Motivation
Half a month ago in this post, I tried six LLMs for using the Knowledge Graph. As I wrote there, the LLMs available at this time are OpenAI and Mistral. So, I tried to run MistarlAI’s LLM on my PC (local environment). In fact, I found that it is not usable for the knowledge graph. In this post, I tried to use MistaralAI via Langchain via API to see if it can be used in the knowledge graph.
Sources.
- MistralAI This is the home page. To obtain an account and API key, go to this page. To obtain an account, sing up from this page and enter the verification code sent to your email address.
- Coding AI from [Codestral-22B] Mistral AI, supporting over 80 languages! I referred to this page for getting an account and API key.
Dockerfile
Dockerfile for using MistralAI via Langchain from Jupyterlab NoteBook, add a line to the Dockerfile in this post The other parts have not been added or changed.
RUN pip install --upgrade pip setuptools \
&& pip install torch==2.2.2 torchvision==0.17.2 torchaudio==2.2.2 \
--index-url https://download.pytorch.org/whl/cu121 \
&& pip install torch torchvision torchaudio \
&& pip install jupyterlab matplotlib pandas scikit-learn ipywidgets \
&& pip install transformers accelerate sentencepiece einops \
&& pip install langchain bitsandbytes protobuf \
&& pip install auto-gptq optimum \
&& pip install pypdf tiktoken sentence_transformers faiss-gpu trafilatura \
&& pip install langchain-community langchain_openai wikipedia \
&& pip install langchain-huggingface unstructured html2text rank-bm25 janome \
&& pip install langchain-chroma sudachipy sudachidict_full \
&& pip install mysql-connector-python \
&& pip install langchain-experimental neo4j pandas \
&& pip install json-repair langchain-mistralai
The last line “langchain-mistralai” is the part I added.
Launch the Mistal model
# Mistral-smallモデルを立ち上げる
import os
from langchain_mistralai import ChatMistralAI
os.environ['MISTRAL_API_KEY'] = 'xxxx'
llm = ChatMistralAI(
model = "mistral-small",
temperature = 0,
# other params...,
)
xxx is the API key obtained from the MistaralAI page.

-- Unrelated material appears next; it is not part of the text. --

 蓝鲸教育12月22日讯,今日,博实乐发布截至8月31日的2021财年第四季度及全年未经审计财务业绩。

For the rest of the code, please refer to Source 1. shown in this posting.
Execution Results
The results of the run using the mistarl-small model resulted in the following error.

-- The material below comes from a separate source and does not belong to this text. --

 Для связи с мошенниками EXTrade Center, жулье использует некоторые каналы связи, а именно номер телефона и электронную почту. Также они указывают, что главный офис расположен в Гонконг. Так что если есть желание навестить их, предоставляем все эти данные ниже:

HTTPStatusError: Error response 400 while fetching https://api.mistral.ai/v1/chat/completions: {"object":"error","message":"Function calling is not enabled for this model","type":"invalid_request_error","param":null,"code":null}
Change the Mistral model.
Changed to “mistral-large-latest” as follows
# Mistralモデルを立ち上げる
import os
from langchain_mistralai import ChatMistralAI
os.environ['MISTRAL_API_KEY'] = 'xxxx'
llm = ChatMistralAI(
model = "mistral-large-latest",
temperature = 0,
# other params...,
)
Summary
It was found that Knowledge graphs can be tested using MistalAI’s model. However, this time I only created the graphs using LLMs and did not verify the RAGs using the created graphs.
The reasons for trying MistralAI this time are as follows. I am planning to use Amazon Bedrock in the future, so I wanted to check in advance which of the LLMs (foundation model; FM) provided there can be used with Knowledge graphs.